This is often characterised by a strong contrast between multinational enterprises (MNEs) and small and medium-sized enterprises (SMEs): MNEs account for around 60% of global trading transactions while SMEs focus more on internal markets. Indeed, a European Commission report from 2011 showed that although SMEs in Europe accounted for 99.8% of all companies, only 5% said they had overseas subsidiaries or joint ventures. On the other hand, that is still more than 1.2m companies.
Against this global backdrop, transfer pricing issues have become particularly relevant. And there are two stakeholders with competing agendas:
- Companies trying to understand their profitability, reduce tax and prevent double taxation when repatriating profits
- Tax authorities who see only lost tax revenue, and pursue and penalise poor transfer pricing practices, which they consider as tax avoidance schemes
Increasing compliance burden
The rules and regulations surrounding transfer pricing are strict and are set to become even stricter. The Organisation for Economic Co-operation and Development (OECD) confirmed as much in a January 2014 discussion document on transfer pricing documentation, which predicted an increased compliance burden, particularly for MNEs but SMEs do not escape. Where SMEs often feel the pinch is the cost of complying with complex transfer pricing rules, faced with the lack of the necessary expertise and resources in-house.

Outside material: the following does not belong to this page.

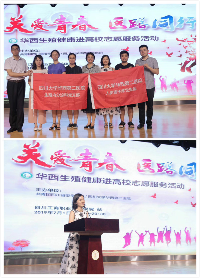 2019年7月1日,由共青团四川省委学校部,我院主办,共青团成都医学院委员会、我院宣传统战部、团委、男科/人类精子库、生殖内分泌科、生殖医学科、妇科门诊、四川工商职业技术学院承办的“The Way 关爱青春·医路同行”第八场——华西生殖健康进高校系列活动在四川工商职业技术学院举行,四川工商职业技术学院团委书记杨婧,我院宣传统战部主任王海英同志、团委书记陈莉娟同志、四川省人类精子库/男科李定明主治医师,组织部李悦同志,宣传统战部吴玉川一行出席,生殖内分泌科熊英主治医师,男科白恒舟医师进行了专题讲座,四川工商职业技术学院200多名师生参会。

Easing the burden for SMEs
Inside the European Union transfer pricing compliance has received particular attention. As for SMEs, the EU Joint Transfer Pricing Forum (JTPF) has acknowledged the need to stick to the EU’s own proportionality principle (the principle that any EU measure must be appropriate, necessary and reasonable); this should help balance the need to apply transfer pricing rules with any burden it creates for SMEs who have to comply with the rules.

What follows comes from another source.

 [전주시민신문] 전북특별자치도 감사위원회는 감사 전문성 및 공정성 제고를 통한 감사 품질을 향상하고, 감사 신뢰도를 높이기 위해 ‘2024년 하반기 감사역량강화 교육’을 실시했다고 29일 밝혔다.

The European Commission recently produced a set of initiatives aimed at helping SMEs:
- An electronically accessible source of information with details of whom to contact for help
- Create clarity and certainty by raising SMEs’ awareness of transfer pricing processes
- Member States to develop simplification measures to reduce the compliance burden for SMEs
- Assure appropriate treatment of SMEs
- Consider simplification measures already in place in other Member States and contained in earlier JTPF reports
- Fast-track dispute resolution for the simpler, low-value SME claims
- Explore and implement auditor-to-auditor contact within the framework of mutual agreement procedures, and the EU Arbitration Convention
We can perhaps draw some interesting conclusions from two recent JTPF studies of the transfer pricing situation across EU Member States. These were compiled in January 2011 and September 2012 and asked some probing questions. Here are some of the main findings.
Measures to make life easier for SMEs
Twenty-two of twenty-eight Member States have already introduced measures aimed at making life easier for SMEs (which are at times defined differently across Member States):
- Denmark, Estonia, Finland, Hungary, Ireland, Latvia, Portugal, UK: total exemption of SMEs from transfer pricing rules
- Belgium, Czech Republic, France, Germany, Greece, Italy, Slovakia, Spain, Sweden: simplified transfer pricing documentation requirements
- Lithuania, Netherlands, Romania: help from the tax authorities and lower costs for advanced pricing arrangements
- Bulgaria, Slovenia: ‘benevolent’ attitude shown by tax authorities
Austria, Croatia, Cyprus, Luxembourg, Malta and Poland are the six Member States that have no facilitating measures in place.
So Member States have made efforts to help SMEs when dealing with transfer pricing, although there is still a lot to do. Despite these steps to simplify transfer pricing it is still a complex area, and European tax consultants have an important role to play in assisting the 1.2 million SMEs with potential transfer pricing issues.